La “scultura soffice” di un creatore di abiti, accende quindi l’attenzione su come ogni poetica di scultore barocco e post barocco contorca lo sguardo dell’osservatore con la propria novità e il proprio effetto, lo ribalti e lo evolva in seduzione tramite l’individuale maniera dei dettagli stilistici, come i personali modi di rilevare in riccioli la capigliatura, o di piegare le vesti, o contrastarle con le carni, o esaltare la curva delle reni, la pressione di una mano sulla carne, la plastica dei glutei. Questa mostra è generata dal rapporto tra Alaïa e la Galleria Borghese. Ma questo rapporto rivela anche molto della tecnica creativa del maestro. Infatti anche nella Galleria Borghese, un museo e quindi obbligatoriamente luogo di oggetti statici, Alaïa non toglie lo sguardo dalle figure vive. Pertanto risulta difficile capire in quale momento abbia così attentamente osservato e assimilato le sculture esposte, i dipinti, i colori e le luci di ogni sala, il carattere individuale di ogni loro spazio, perché i suoi occhi non lasciano mai la preda umana.
Infatti, lo sguardo di Alaïa, vivace, fulminante, instancabilmente inventivo, sembra non spostarsi mai dal corpo e dalla immaginazione della donna reale, come se non smettesse di ricercarne la seduzione e modellarne la sembianza in idolo. Anche l’effetto della Galleria, dei suoi spazi e della sua scultura, si è trasformato in invenzione seduttiva, in esaltazione della donna e nell’immaginazione di plasmare al suo corpo tutte le risorse del materiale, che sia tradizionale o sperimentale, nobile o modesto, questa volta stimolato dai colori e dalle materie del museo.

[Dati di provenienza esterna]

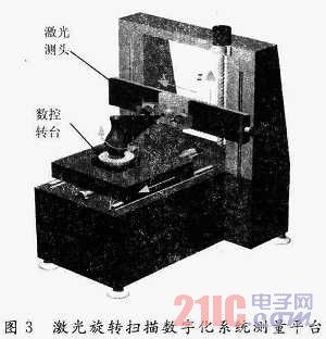 3 系統(tǒng)構成 圖3是三維旋轉(zhuǎn)激光掃描系統(tǒng)的測量平臺,x軸左右運動,向左為正向;y軸前后運動,向前為正向;z軸上下運動,向上為正;三軸之間互相垂直;數(shù)控轉(zhuǎn)臺安裝在沿y軸運動的花崗巖工作臺面上。激光測頭隨x軸的拖板一起運動。

Della Galleria ha percepito l’esorbitanza di scultura come una mitizzazione del corpo e l’arte scultorea come un modo progressivo nel tempo di scoprire il corpo, di liberarlo dall’ombra, un modo altrettanto sovversivo di quel lavoro di seconda pelle del corpo che per lui è l’abito. Questo il processo che ha determinato la scelta dei modelli esposti e l’invenzione di quelli specialmente eseguiti per la mostra.
L’estro di Alaïa nel modificare corpi e profili col suo gioco di taglio configura, qui, un contrasto di forbici contro scalpello.
Non c’è da aggiungere altro al contrasto che – tra gli abiti di Alaïa e le innumerevoli sculture esposte nella collezione – nella Galleria è giocato al meglio.